"Come, Elmo," Jane said.
Jane pointed through a window, a room somewhere, above it all.
"Do you see that small yellow car? That tree, the bird in the tree, how the moon is trapped in that black shoot between the taller, emaciated buildings, those lights in the Jefferson's living room, that atomic cloud of bugs in a street lamp, the dawn that draws hills in pink and orange, children with their kindergarten packs, they wait for the bus to come?"
It was a long, steady question. Elmo opened his eyes. He said, "Let's go to Buffalo."
"What's in Buffalo?" Jane asked.
"That's why people go to Buffalo," Elmo said.

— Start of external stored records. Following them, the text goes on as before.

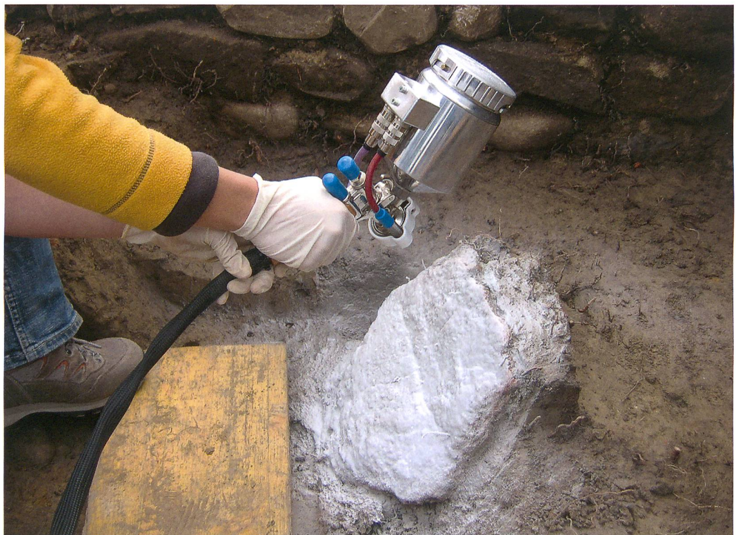
Abb. 1: Anwendung der CDAN-Schmelze mit der Sprühpistole auf Fragmente römischen Terrazzovertputzes in Jegenstorf, Solothurnstrasse.

Das CDAN stammt aus der Industrie und fand in der Mitte der 1990er-Jahre des 20. Jahrhunderts Eingang in die Konservierung und Restaurierung. Dies dank seiner Eigenschaft, sich bei Raumtemperatur nach einiger Zeit zu verflüchtigen. Dadurch bietet es sich zur temporären Festigung, zur Verstärkung und zum Schutz von Oberflächen an. Zusätzlich wird es als Trenn-, Füll- und Klebemittel verwendet. Nach und nach wurde das Produkt in den verschiedenen Spezialisierungsgebieten eingeführt und findet schlussendlich auch Verwendung in die archäologische Konservierung bzw. Restaurierung.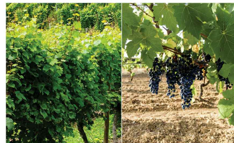
Vitis vinifera Vignes Vi.vi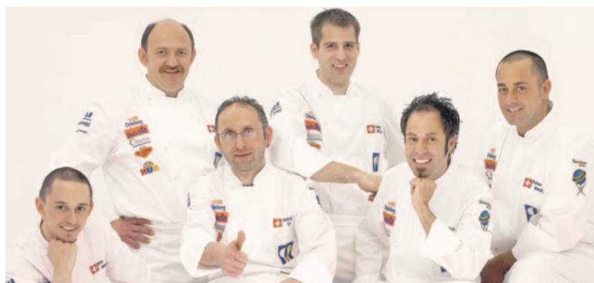
Trotz unglaublichem Pech brillant: die Schweizer Kochnationalmannschaft.

Die Schweizer Kochnationalmannschaft schliesslich, das eidgenössische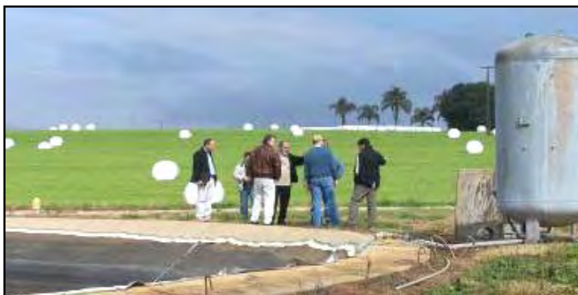
Figura 18.- Vista parcial del depósito de biofertilizante. A la derecha de la foto el depósito de biogás que genera este y que utiliza para la agitación del digester primario.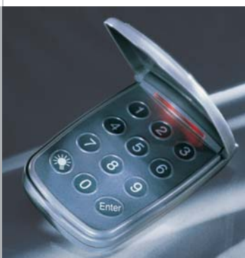
Tastiere a codice Command: per entrare in casa senza chiavi!

Le tastiere a codice di Marantec sono un sistema sicuro per comandare un'automazione anche senza chiavi. Inserendo un codice PIN personale è possibile aprire e chiudere porte e cancelli. La programmazione delle tastiere a codice è intuitiva e veloce ed è possibile scegliere tra modelli cablati in modo tradizionale e modelli con funzionamento radio. Inoltre la tastiera numerica comprende anche un tasto che comanda separatamente la luce di cortesia dell'automazione oppure l'illuminazione del garage. Tutte le tastiere sono un sistema di comando ideale per l'installazione esterna e per un uso particolarmente frequente.

She said, "You wonder what Elmo's relationship is to objects. I tried to know this. He was fond of automobile window buttons. He had a pair of gloves with Pac Man printed on the knuckles. The footsteps he made, sometimes he would stop, crouch, and watch the wind take them one by one each grain of sand till the evidence of his going became Neptune in the mind one thousand years ago. He'd smile because sometimes this erasure elapsed over days. I tell you he had a big smile. One time at night I saw him turn on a light in a room across the street and he went to the window, looked and saw me, and he waved. Then he closed the curtain."
"What happened next?" a man said, another character.
"I assume he unrolled some maps and with a compass and a pencil turned them into actualities," Jane said, sipping something yellow. "He must've worked on the maps for hours because it's been several years since that glimpse I last had of him in the window."